إِنَّ الصَّفَا وَالْمَرْوَةَ مِنْ شَعَائِرِ اللَّهِ فَمَنْ حَجَّ الْبَيْتَ أَوِ اعْتَمَرَ فَلا جُنَاحَ عَلَيْهِ أَنْ يَطَّوَّفَ بِهِمَا وَمَنْ تَطَوَّعَ خَيْرًا فَإِنَّ اللَّهَ شَاكِرٌ عَلِيمٌ

1.      Makna Ayat :
Sesungguhnya Safa dan Marwah adalah sebahagian dari syi`ar Allah. Maka barang siapa yang beribadah haji ke Baitullah atau ber-`umrah, maka tidak ada dosa baginya mengerjakan sai antara keduanya. Dan barang siapa yang mengerjakan suatu kebajikan dengan kerelaan hati, maka sesungguhnya Allah Maha Mensyukuri kebaikan lagi Maha Mengetahui.

2.      Asbabun Nuzul :
Dalam suatu riwayat dikemukakan bahwa 'Urwah bertanya kepada 'Aisyah. "Bagaimana pendapatmu tentang firman Allah SWT "Innas shafa wal marwata hingga akhir ayat (S. 2: 158). Menurut pendapatku tentang ayat ini menegaskan bahwa orang yang tidak thawaf di kedua tempat itu tidak berdosa." 'Aisyah menjawab: "Sebenarnya ta'wilmu (interpretasimu) itu hai anak saudariku, tidaklah benar. Akan tetapi ayat ini (S. 2: 158) turun mengenai Kaum Anshar. Mereka yang sebelum masuk Islam mengadakan upacara keagamaan kepada Manat (tuhan mereka) yang jahat, menolak berthawaf antara Shafa dan Marwah. Mereka bertanya kepada Rasulullah SAW: "Wahai Rasulullah, di zaman Jahiliyyah kami berkeberatan untuk thawaf di Shafa dan Marwah."
(Diriwayatkan oleh as-Syaikhani dan yang lainnya dari 'Urwah yang bersumber dari 'Aisyah.)
Dalam riwayat lainnya dikemukakan bahwa 'Ashim bin Sulaiman bertanya kepada Anas tentang Shafa dan Marwah. Anas berkata: "Kami berpndapat bahwa thawaf antara Shafa dan Marwah adalah upacara di jaman Jahiliyyah, dan ketika Islam datang, kami tidak melakukannya lagi." Maka turunlah ayat tersebut di atas (S. 2: 158) yang menegaskan hukum Sa'i dalam Islam
(Diriwayatkan oleh al-Bukhari yang bersumber dari 'Ashim bin Sulaiman.)
Dalam riwayat lainnya dikemukakan bahwa Ibnu Abbas menerangkan bahwa syaitan-syaitan di jaman Jahiliyyah berkeliaran pada malam hari antara Shafa dan Marwah. Dan di antara kedua tempat itu terletak berhala-berhala mereka. Ketika Islam datang, berkatalah kaum Muslimin kepada Rasulullah SAW: "Ya Rasulullah kami tidak akan berthawaf antara Shafa dan Marwah, karena upacara itu biasa kami lakukan di jaman Jahiliyyah." Maka turunlah ayat tersebut di atas (S. 2: 158).
(Diriwayatkan oleh al-Hakim yang bersumber dari Ibnu Abbas.)
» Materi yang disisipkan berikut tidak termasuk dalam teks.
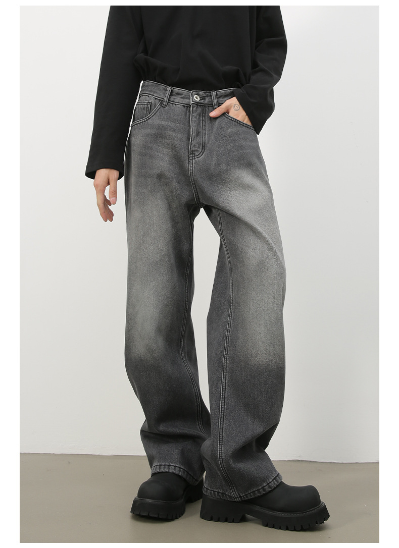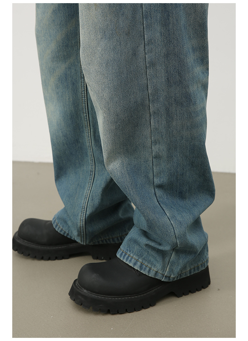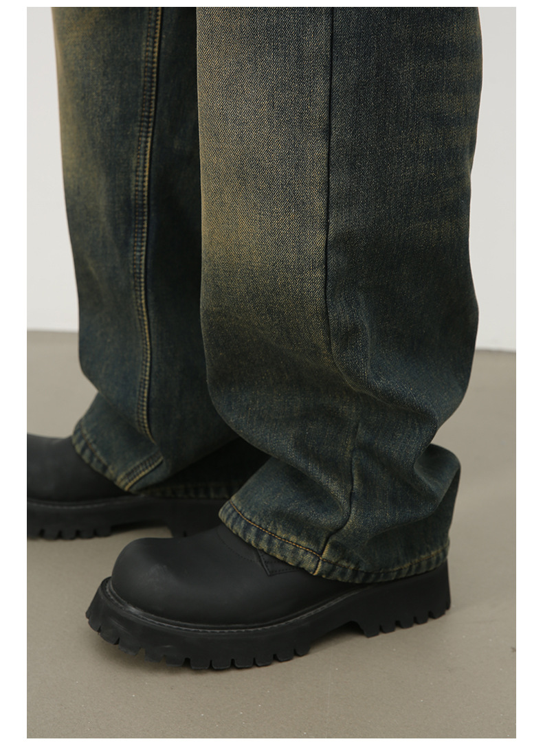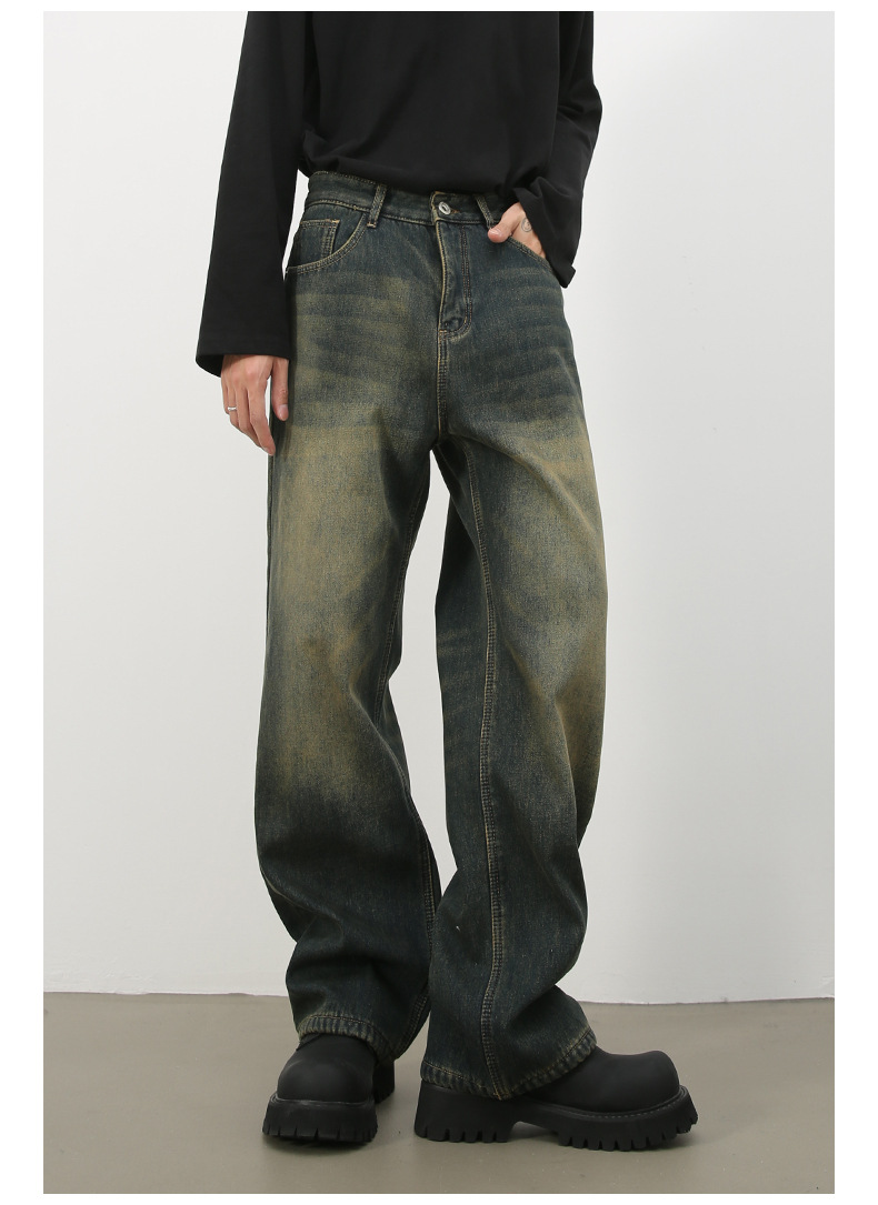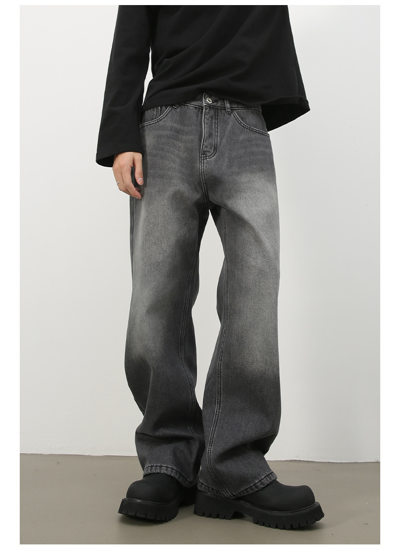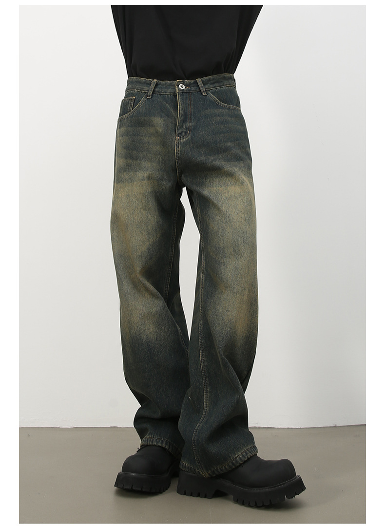 Nirben 데님 | 가을과 겨울 새로운 기모 청바지 남성용 미국 느슨한 스트레이트 인 조수 브랜드 넓은 다리 바지스토어 가기

3.      Tafsir Ibnu Abas :
 إِنَّ الصَّفَا وَالْمَرْوَةَ(sesungguhnya Shafa dan Marwah), yakni tawaf antara Shafa dan Marwah.
 مِنْ شَعَائِرِ اللَّهِ (adalah termasuk Syiar-syiar Allah), yakni termasuk manasik haji yang Diperintahkan Allah Ta‘ala.
 فَمَنْ حَجَّ الْبَيْتَ أَوِ اعْتَمَرَ فَلا جُنَاحَ عَلَيْهِ أَنْ يَطَّوَّفَ بِهِمَا (maka siapa saja yang beribadah haji ke Baitullah atau berumrah, tidak ada dosa baginya untuk mengerjakan sa‘i pada keduanya), yakni antara keduanya.
 وَمَنْ تَطَوَّعَ خَيْرًا(dan barang siapa yang mengerjakan suatu kebajikan secara suka rela), yakni barangsiapa menambah tawaf yang wajib.
 فَإِنَّ اللَّهَ شَاكِرٌ (maka sesungguhnya Allah Maha Mensyukuri [kebaikan]), maksudnya Dia akan Menerimanya.
 عَلِيم(lagi Maha Mengetahui) niat kalian. Menurut pendapat yang lain, maka sesungguhnya Allah Maha Bersyukur. Dia akan Mensyukuri yang sedikit, seraya Membalasnya dengan berlimpah.
4.      Kandungan Hukum Yang ada :
Yang terkandung dalam ayat ini adalah bahwa sa’i ( Lari-lari kecil ) dari bukit Shafa sampai bukit Marwa merupakan salah satu rangkaian dari haji dan umroh.
Meskipun ada perbedaan pendapat antara imam-imam mazhab mengenai hokum sa’i , ada yang menganggapnya sebagai rukun haji seperti Imam Malik dan Imam Syafi’I dan ada pula yang menganggapnya sebagai wajib haji seperti Imam Abu Hanifah, namun jelas bahwa sa’I itu harus dikerjakan dalam menunaikan ibadah haji.
Secara umum tidak ada perbedaan antara rukun dan wajibnya sa’i, tetapi kusus dalam masalah haji dibedakan antara keduannya. Rukun ialah yang harus dikerjakan atau tidak dapat diganti atau ditebus. Wajib ialah yang mesti dikerjakan tapi jika tertinggal harus diganti dengan membayar denda (dam).
Atas dasar itu yang terpenting dalam ayat diatas adalah :
a.       Setiap orang yang mengerjakan ibadah haji atau umrah diwajibkan melakukan sa’i antara sofwa dan marwa .
b.      Orang yang berbuat kebajikan atau amal ibadah lebih dari apa yang diwajibkan kepadanya (dengan mengerjakan sunah ) akan diberi pahala oleh Allah dengan berlipat ganda.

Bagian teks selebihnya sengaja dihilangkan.